MPAA Doesn't Think They Should Have to Prove Infringement to Collect Damages

I had to do a double take when I read the headline at Memeorandum for this article.

MPAA Says No Proof Needed in P2P Copyright Infringement Lawsuits

I dunno which law school the MPAA went to, but didn't they have to take Evidence? If accusers didn't need to prove their case, it sure would make all those lawsuits move a lot faster!
The Motion Picture Association of America said Friday intellectual-property holders should have the right to collect damages, perhaps as much as $150,000 per copyright violation, without having to prove infringement.

"Mandating such proof could thus have the pernicious effect of depriving copyright owners of a practical remedy against massive copyright infringement in many instances," MPAA attorney Marie L. van Uitert wrote Friday to the federal judge overseeing the Jammie Thomas trial.
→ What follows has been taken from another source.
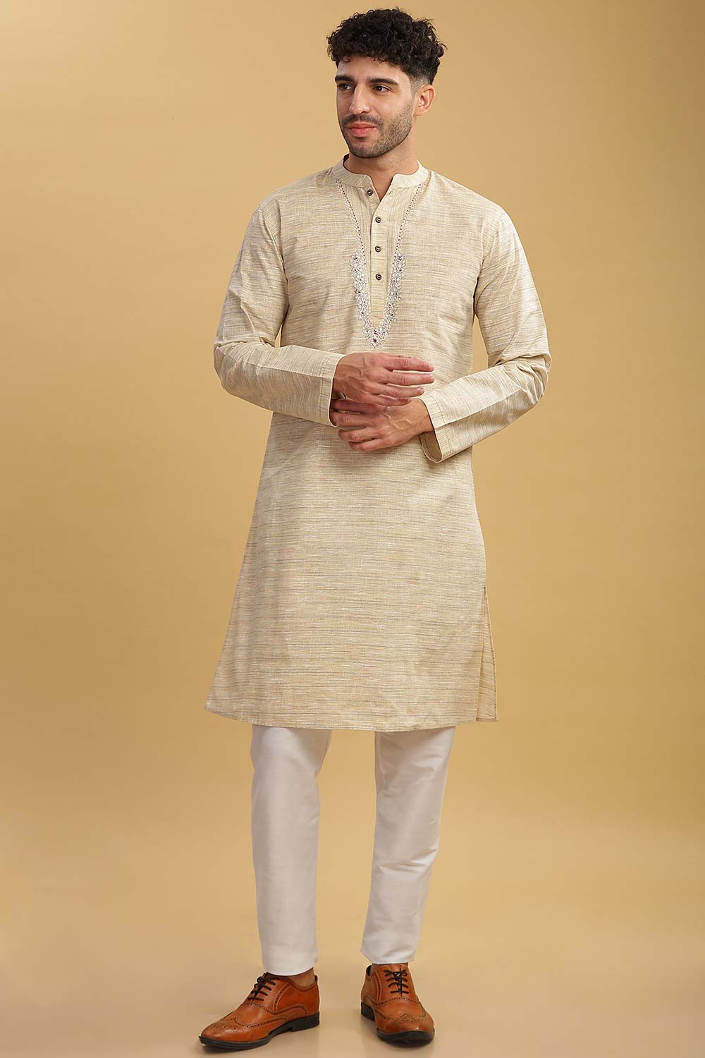 Men's Beige Poly Cotton Mandarin Collar Long Kurta

Oh, I see. The MPAA doesn't think copyright holders should have to prove infringement. Hmm. How's that supposed to work?
A Duluth, Minnesota, jury in October dinged Thomas $222,000 for "making available" 24 songs on the Kazaa network in the nation's first and only RIAA case to go to trial. United States District Court Judge Michael Davis instructed the 12 panelists that they need only find Thomas had an open share folder, not that anyone from the public actually copied her files.
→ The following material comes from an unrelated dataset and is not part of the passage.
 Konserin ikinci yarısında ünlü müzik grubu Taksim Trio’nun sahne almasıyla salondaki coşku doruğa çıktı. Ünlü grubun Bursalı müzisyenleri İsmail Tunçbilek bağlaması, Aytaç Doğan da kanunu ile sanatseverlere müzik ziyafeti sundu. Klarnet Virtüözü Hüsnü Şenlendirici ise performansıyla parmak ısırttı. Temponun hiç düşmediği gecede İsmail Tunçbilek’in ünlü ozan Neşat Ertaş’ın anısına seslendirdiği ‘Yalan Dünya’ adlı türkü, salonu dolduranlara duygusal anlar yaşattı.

(It is technologically infeasible to determine whether the public is copying an open share folder, although the RIAA makes its own downloads from defendants' share folders, produces screen shots and, among other things, captures an IP address. An Arizona judge ruled last month in a different case that those downloads count against a defendant, a one-of-a-kind decision being appealed on grounds that the RIAA was authorized to download its own music.)

So, because it's difficult to prove infringement, the MPAA doesn't think they need to?